Set down, word for word, every line of the material below from the one containing "A set of printable" through the one containing "Perfekt för pickleball", but none of its pictures.

INFORMATION SUPPLIED |
▼▼▼

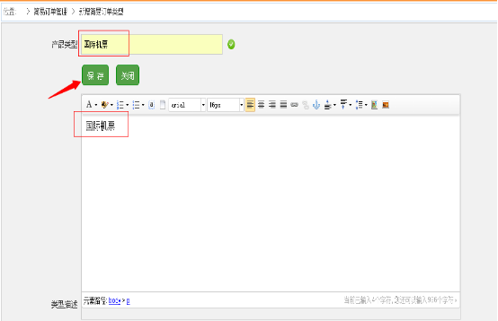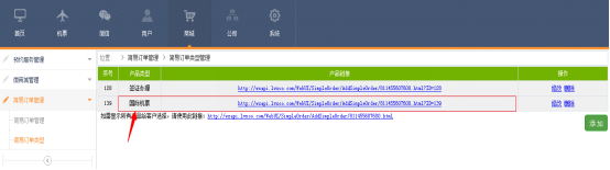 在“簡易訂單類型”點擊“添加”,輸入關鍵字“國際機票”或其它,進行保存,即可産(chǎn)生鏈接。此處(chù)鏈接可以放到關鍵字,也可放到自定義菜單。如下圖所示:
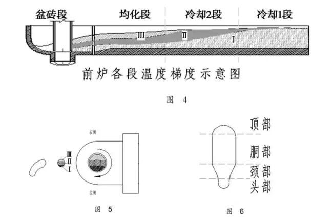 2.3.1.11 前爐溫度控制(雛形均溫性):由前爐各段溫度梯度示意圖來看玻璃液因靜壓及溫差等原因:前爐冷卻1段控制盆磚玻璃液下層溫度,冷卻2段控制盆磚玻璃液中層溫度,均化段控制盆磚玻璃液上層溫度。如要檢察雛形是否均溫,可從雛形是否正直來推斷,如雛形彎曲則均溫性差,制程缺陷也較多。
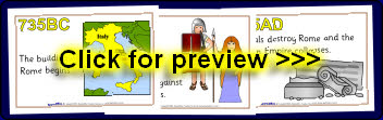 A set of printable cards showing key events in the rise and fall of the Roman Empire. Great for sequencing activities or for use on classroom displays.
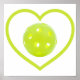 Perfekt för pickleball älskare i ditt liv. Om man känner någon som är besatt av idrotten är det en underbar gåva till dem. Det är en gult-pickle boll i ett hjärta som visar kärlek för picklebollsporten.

▲▲▲
▼▼▼

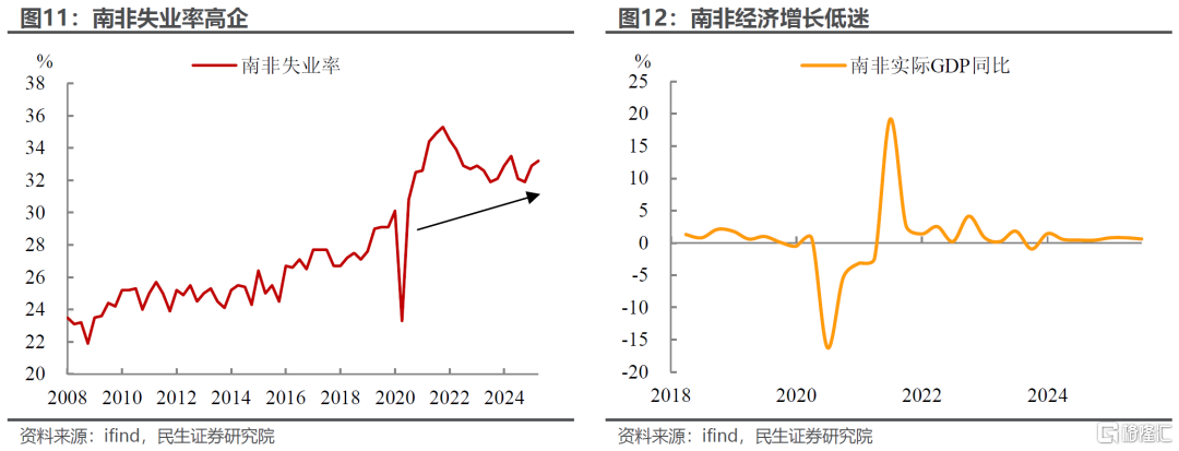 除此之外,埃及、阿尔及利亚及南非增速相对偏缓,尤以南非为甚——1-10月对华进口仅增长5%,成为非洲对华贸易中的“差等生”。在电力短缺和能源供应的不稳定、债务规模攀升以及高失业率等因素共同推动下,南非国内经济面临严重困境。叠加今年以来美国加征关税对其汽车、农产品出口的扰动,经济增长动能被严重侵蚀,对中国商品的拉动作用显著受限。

▲▲▲

OUTPUT BELOW |
 A set of printable cards showing key events in the rise and fall of the Roman Empire. Great for sequencing activities or for use on classroom displays.
 Perfekt för pickleball älskare i ditt liv. Om man känner någon som är besatt av idrotten är det en underbar gåva till dem. Det är en gult-pickle boll i ett hjärta som visar kärlek för picklebollsporten.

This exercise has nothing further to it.